Even more disruptive exploration is happening in the core area of trading and investing. In the field of quantitative investing, beyond optimizing existing trading strategies, the more front-line exploration is to develop “virtual traders” that can autonomously learn market microstructure and independently execute portions of trading instructions. It has been reported that JPMorgan Chase has released its AI quant trading platform, supporting intelligent integration of high-frequency trading and multi-factor strategies. In client trading (such as foreign exchange and interest-rate derivatives trading), AI is also being studied to provide traders with real-time best price quotes and hedging-strategy suggestions.
However, despite a broad outlook, deep application of AI in the core areas of finance still faces constraints. Data governance, the issue of large-model “hallucinations,” and the shortage of compound talents are three hurdles that financial institutions must overcome.
First is the challenge of data governance. High-quality, standardized data is AI’s “fuel.” However, financial data involves highly sensitive personal privacy and commercial secrets, and it is often scattered across different business departments, forming “data silos.” KPMG experts point out that financial institutions commonly face challenges such as difficulty coordinating multi-source heterogeneous data and difficulty enabling internal data flow and sharing.

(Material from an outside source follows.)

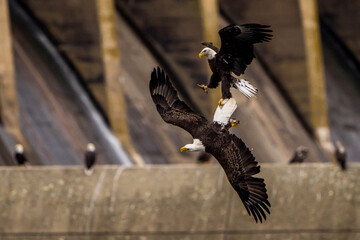 Soaring golden eagle sculpture gliding through sun halo over blue sky and clouds
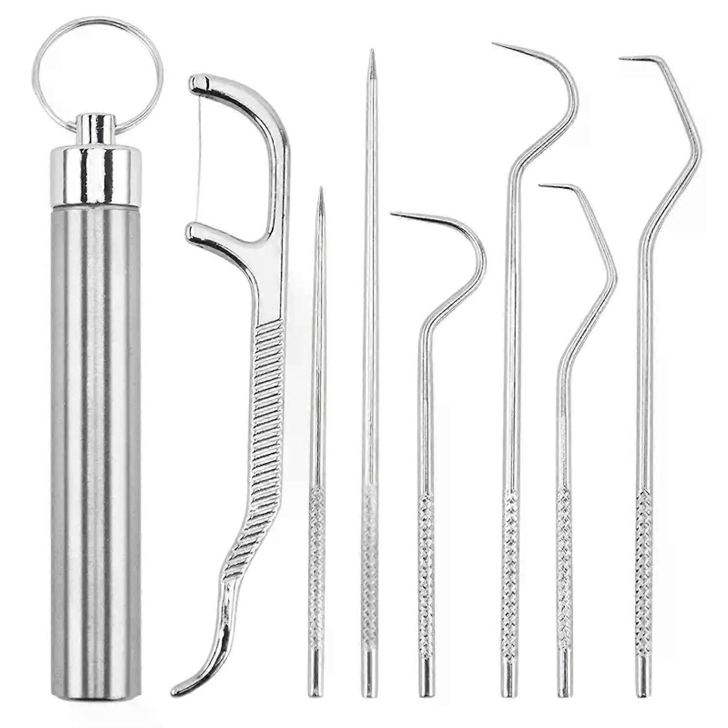 Portable Stainless Steel Toothpicks Pocket Set with 7pcs Durable Reusable Metal Toothpicks Compact Tooth Cleaning Kit Includin

Second is the “hallucination” problem of large models and the risk of reliability. The “hallucination” issue inherent to large language models can be fatal in financial decisions that require zero mistakes. A researcher at Postal Savings Bank of China, Lou Feipeng, stated that if “hallucinations” occur in the risk-management domain, it may lead to the bank being unable to understand the logic of risks, and thus unable to take effective response measures.
Third is the shortage of compound talent and the pain of organizational change. Compound talent that both deeply understands complex financial business logic and is proficient in AI algorithms and engineering is extremely scarce. At the same time, traditional banking organizational culture—emphasizing rigor and a hierarchical system—creates deep tension with the agile development mode required by AI, which demands rapid iteration and tolerance for error-and-trial.
The aforementioned banking-industry research source summarized that future competition in the financial industry will be a contest of a comprehensive ecosystem: “technology—data—governance—talent.” Only institutions that can build high-quality data assets first, establish a trustworthy AI governance framework, and successfully transform their organizations and culture will win long-term advantages in this profound “intelligent-digital” revolution.